I wouldn't recommend his first step to the faint-hearted. He went off to Varanasi in India, where devout Hindus depart this world with a bracing lack of squeamishness. Nobody very much seemed to mind that a wild dog was treating one of the funeral pyres as an impromptu barbecue or that the water in which they were conducting their devotions also contained a bloated corpse. I wouldn't advise his second step either, which was to visit a Kansas hospice for babies bound to die within hours of birth. And curiously it wasn't easy to fit either of these scenes directly into Dawkins' argumentative ambition. "Reality may be raw," he said in Kansas, "but we have to face it." But all the evidence, of thousands of years of human culture and these two sequences as well, is that we don't have to, at least not face-on.

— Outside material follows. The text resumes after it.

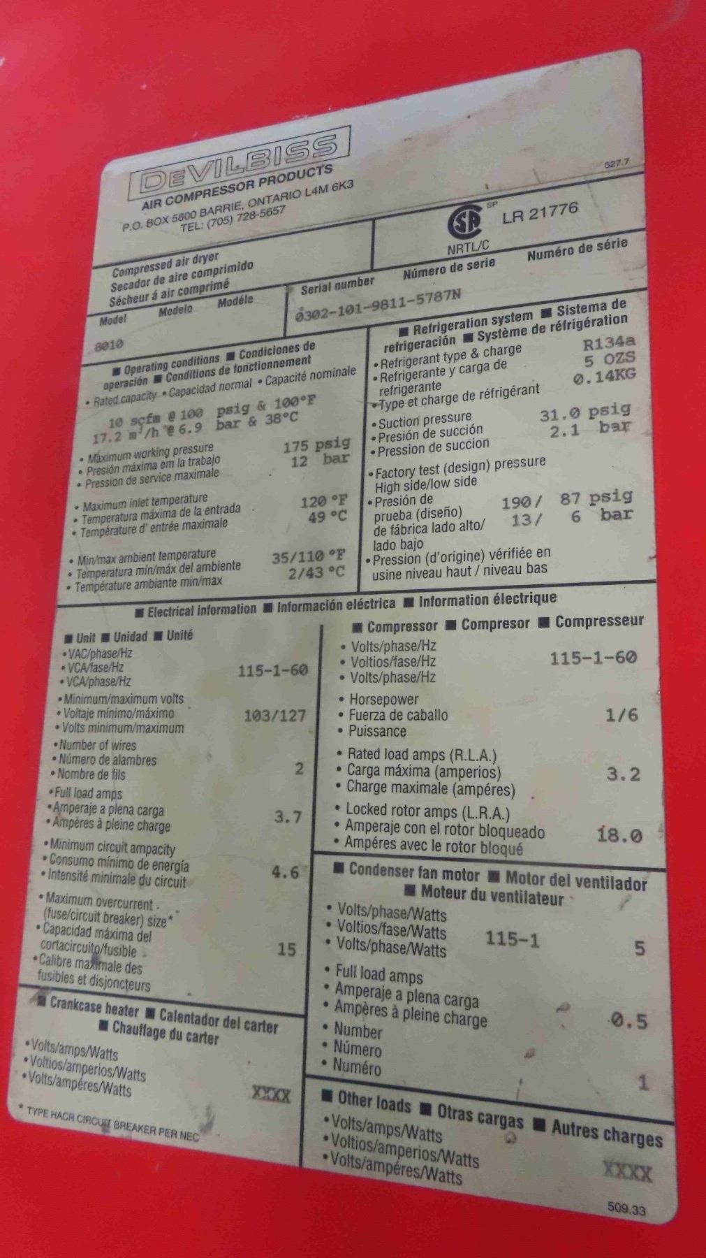 Deviar Devilbiss Air Dryer Model LR21776

I'm with Dawkins in believing we should, but it's not hard to see why people find the alternative attractive. A young couple in Kansas talked with great serenity about the recent death of their baby, born without kidneys, and were utterly convinced that they would one day be reunited. "They sincerely think they're gaining reassurance from their faith," concluded Dawkins sympathetically. But the flat truth was that they were reassured. They might be entirely wrong about what happens next, but since they're not going to be in a position to kick themselves for their credulity, it's hard to argue that they've lost out.

Dawkins also has a way of conflating "sentiment" with "illogic", which sometimes feels as if it's missing the point, because sentiment isn't dismayed by accusations of irrationality. It takes pride in it. That's partly what sentiment is for – to fill the gaps in our rational understanding that would otherwise let a chill wind blow around us. Again, I'm with Dawkins in preferring the breeze to the insulation, but I'm not optimistic about the prospects of getting everyone to give it up. You could argue (Dawkins almost certainly would) that evolution has just done too good a job in embedding such consolations within us.

He's certainly up to the task of offering an alternative, though. The second half of this thoughtful film concentrated on a scientific account of why we might have such a strong intuition that there is something in us besides physical matter and an exploration of genetic immortality. Dawkins had his own genome mapped (revealing, incidentally, that he's prone to runny earwax and can smell asparagus in his pee the day after eating it) and ended standing by the Dawkins family tomb in an English church, the inscription on the wall listing the ancestors who had contributed to his own unique collection of genes. He would like, he confessed, for the hard drive containing his own gene code to lie alongside his familial predecessors. A slightly illogical impulse that, but a reminder that we do get a kind of immortality in what we pass on to our children and they pass on to theirs. "I" might not be around to be aware of it – as in more well-established forms of afterlife – but it's enough for me.